Johannesburg, South Africa - Here are my predictions for political contexts across Africa.


Mugabe failed to secure a formal resolution to extend his term for another two years at the annual Zanu-PF conference in December and I predict will finally see his iron-grip on his ruling Zanu-PF loosened, opening up a power-vacuum in that country. The opposition Movement for Democratic Change will be too divided to benefit. Instead, the solution will come from inside Zanu-PF itself. Mugabe and his ruling group within Zanu-PF's first choice, Joyce Mujuru, the deputy president, is likely to falter. Her challenger, rural Housing Minister Emmerson Mnangagwa, supported by many hardliners, is also unlikely to bridge the heal the divisions in the party caused by Mugabe's bloody rule.

Former Zimbabwean finance minister Simba Makoni is likely to make a comeback as a leading contender to takeover from Mugabe. However, it is going to be difficult for Zanu-PF to prevent a split in the party following the departure of Mugabe.

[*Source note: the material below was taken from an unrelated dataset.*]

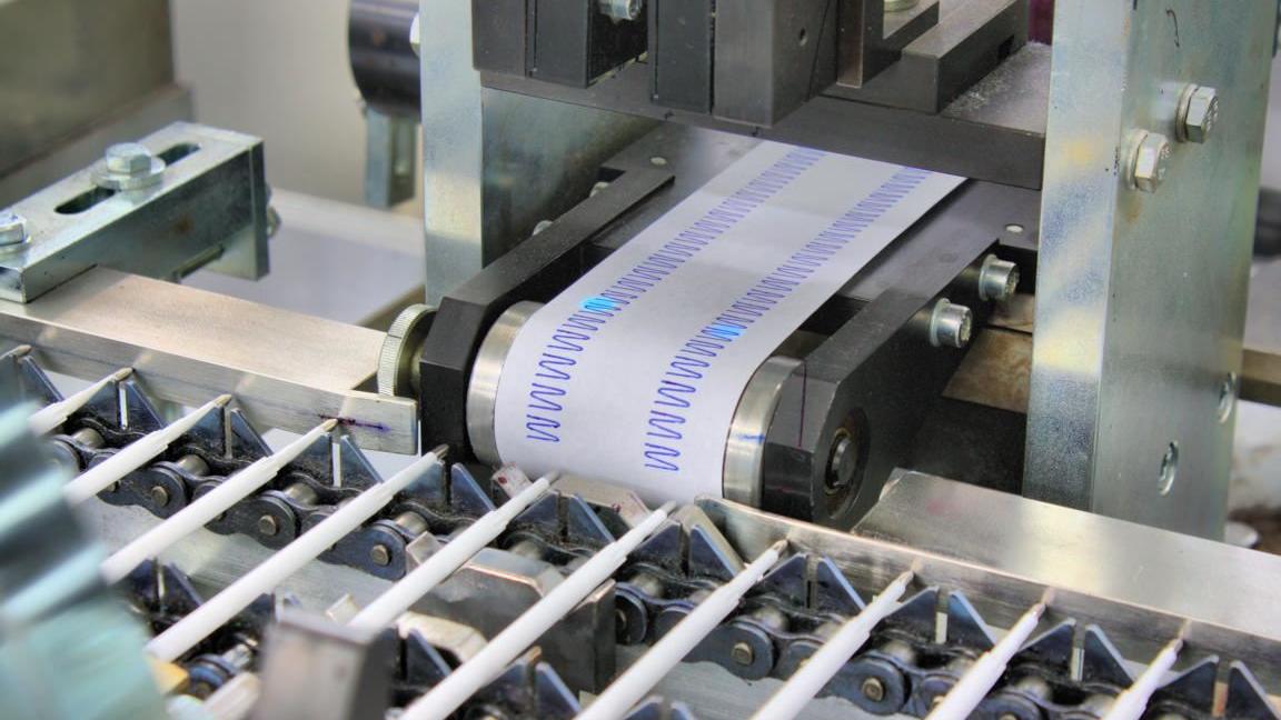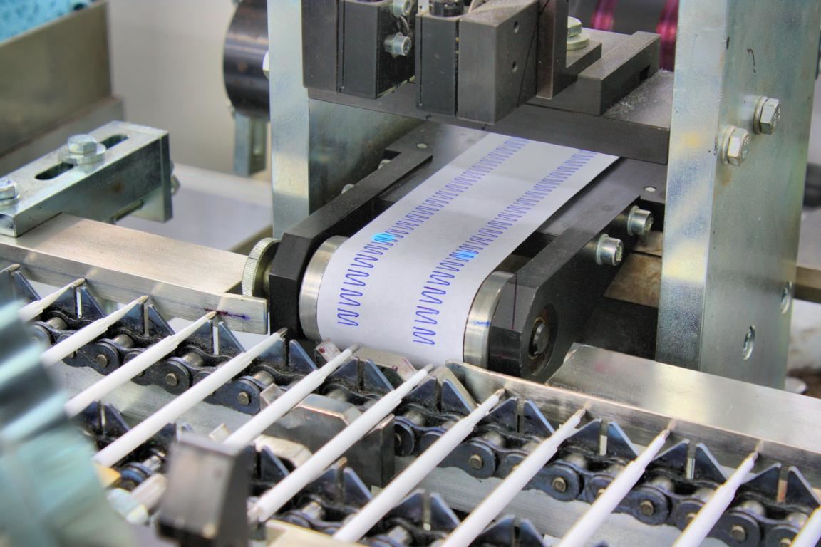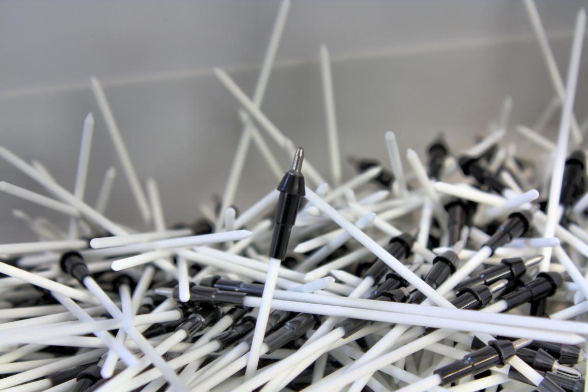 Bei allen Kugelschreibermodellen sorgt eine innovative Auswerteelektronik dafür, dass Exemplare ausgesondert werden, die nicht mit dem ersten Strich zuverlässig Tinte aufs Papier bringen. Auch Luftbläschen in der Paste können zum Aussetzten des Schreibflusses führen. Damit eingeschlossene Luft daher den Tintenfluss nicht unterbricht, werden die fertig montierten Kugelschreiberminen in einer Zentrifuge geschleudert, und die Luft herausgedrückt. Dieser Vorgang erfolgt ebenfalls automatisch.

There will be attempts to lure two other African statesmen who have both transcended their countries back to local politics. The one is UN General Secretary Kofi Annan. Could he be tempted to run for the leadership of his country? Many believe that Ghana's ruling NPP peddles tribal politics. There are persistent accusations of corruption against leading members within it and rising trade union opposition against the party's economic and social policies. All this could increase the clamor for a Ghanian that's above the divisive fray to contest the 2008 presidential elections.

South Africa

In South Africa, ANC deputy president Jacob Zuma will fail in his bid to succeed President Thabo Mbeki as leader of the ruling-ANC and president of the country. Current South African deputy president Phumzile Mlambo-Ngcuka, Mbeki's protege and the person he very much want to have as his successor, is unlikely to benefit from a Zuma stumble.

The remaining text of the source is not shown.